_LISTED RECORDS_:
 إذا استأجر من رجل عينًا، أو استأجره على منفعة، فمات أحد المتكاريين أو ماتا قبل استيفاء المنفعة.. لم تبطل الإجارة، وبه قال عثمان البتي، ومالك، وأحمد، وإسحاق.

==

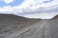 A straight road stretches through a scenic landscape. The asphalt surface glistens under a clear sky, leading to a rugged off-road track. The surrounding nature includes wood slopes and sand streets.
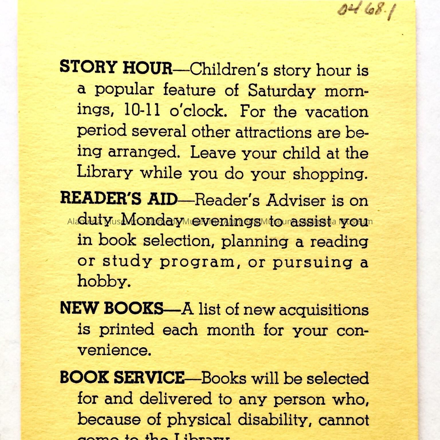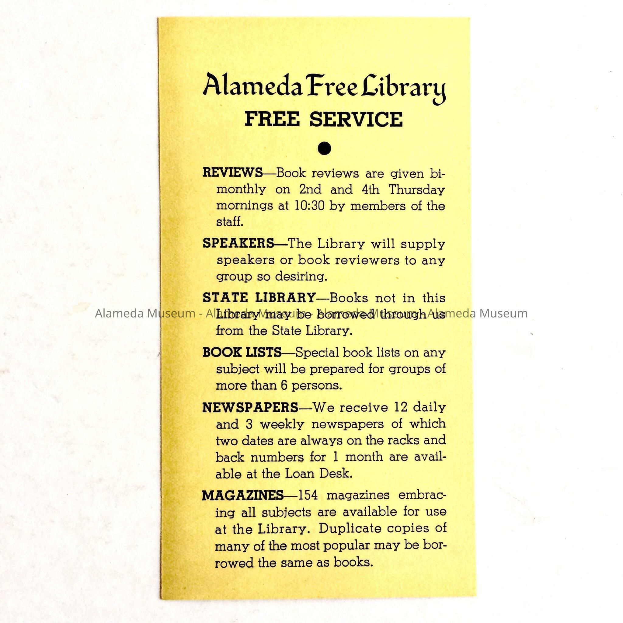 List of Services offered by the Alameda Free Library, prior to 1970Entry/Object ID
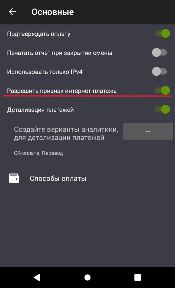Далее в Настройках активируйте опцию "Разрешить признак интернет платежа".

_PROBLEM DETAILS_: Given the listing above, retype only the span of lines from the line with "List of Services" up to and including the line with "Далее в Настройках", exactly as it stands and without pictures.

_WRITTEN RESPONSE_:
 List of Services offered by the Alameda Free Library, prior to 1970Entry/Object ID
Далее в Настройках активируйте опцию "Разрешить признак интернет платежа".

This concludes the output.